Wednesday, June 27, 2007

Here's What I Think...Wrestling, What Happened?

Wrestling is finally having to cope with the world of steroids. And since I have been talking about wrestling over the past few weeks, I thought maybe it's a good time to tackle the newest problem with wrestling since the death of Chris Benoit. Here's What I Think...

It's no surprise that wrestling is seeing a new face on the roll of dead wrestlers to drugs, mainly steroids. Everybody knows that steroids are a problem in the wrestling world. In fact if you remember, Vince McMahon ran into some heavy problems with wrestlers using steroids back in the early 90's. There was a huge deal made about it because Hulk Hogan took the stand on the issue in court. But here's what gets me wondering about the whole ordeal. Why hasn't this been a problem prior to the late 90's? It seems to me that this steroids problem has only gotten worse since the death of Brian Pillman in '97. (There may have been others, but this is the only one I can remember that made a huge impact.)

I believe the reason why steroids has become such a huge problem is because image has become the standout for wrestlers and not their ability to wrestle. You could almost blame the Hogan years as to why this has happened. Prior to Hulk Hogan's jump into the center square, not many wrestlers were beefed up and muscle bound. Look at Jackie Fargo in his later years. A lot of these guys had beer bellies. When Hogan and other guys like the Macho Man Randy Savage, Rowdy Roddy Piper, and the Ultimate Warrior to name a few, broke onto the scene, wrestling changed. Plot points took on a new meaning. Wrestlers began to take on strange persona's. And the build of the new wrestler was the chiseled Greek god. For most wrestlers, the easiest way to get built quickly was to start taking steroids.

I'm not going to blame all of this on Hogan. He was just a pawn in the new corporate machine that was the WWF. They had a product and it sold. To keep the product going you had to have similar wrestlers. But let's move on to the mid-90's. Wrestling started getting more intense. The fallout of the McMahon-Steroids scandal was quickly getting swept under the rug and society began to change at the same time. Our society wanted fast paced action. Muscle bound heroes fighting evil villains. Sex and Violence was what was selling and wrestling followed suit. The wrestling wars became greater with WCW entering the Monday Night stage. When WCW started getting bigger, the WWF had to match it. Both organizations were looking for a way to get the attention of the American public. That was when you began to see the wrestlers becoming more vulgar, more violent, and more sexually explicit. The new generation of wrestlers were different, with guys like Stone Cold Steve Austin, Kevin Nash, Triple H, and The Rock. The problem with the new generation though was that they had no fear for what was happening to their bodies. Did it make wrestling more enjoyable? Sometimes. But wrestling began to hit the skids with the deaths of Owen Hart and Brian Pillman. Suddenly wrestling was dangerous and in some instances real. Several other wrestlers went the way of Pillman, men like Kurt Henning, Rick Rude, Eddie Guerrero, and The British Bulldog Davey Boy Smith.

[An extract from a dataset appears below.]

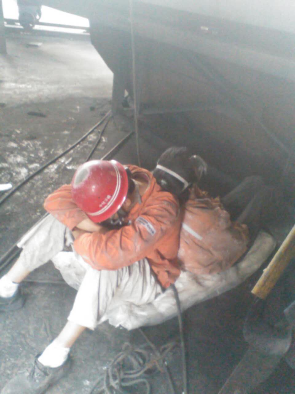 在高溫下連續(xù)作戰(zhàn)二十幾個小時,他們已經(jīng)筋疲力盡,實在太困了,就在換班的間隙,互相依偎睡著了……

So who is to blame? McMahon? The Wrestlers? Society? In reality they are all to blame. Society's demands drove McMahon to put out a new product. Wrestlers wanting to get into the business had to become that product. Unfortunately steroids have played a part of creating that product. Whether Chris Benoit was on a 'Roid Rage' or not isn't the point. The point is that there is a problem in wrestling and it needs to be fixed. McMahon needs to have stricter policies for drug use as well as domestic abuse. Wrestlers need to see that their bodies and lives are more important than pushing a product. The statement really is true, 'This ain't your daddy's wrestling.' I wish it was though.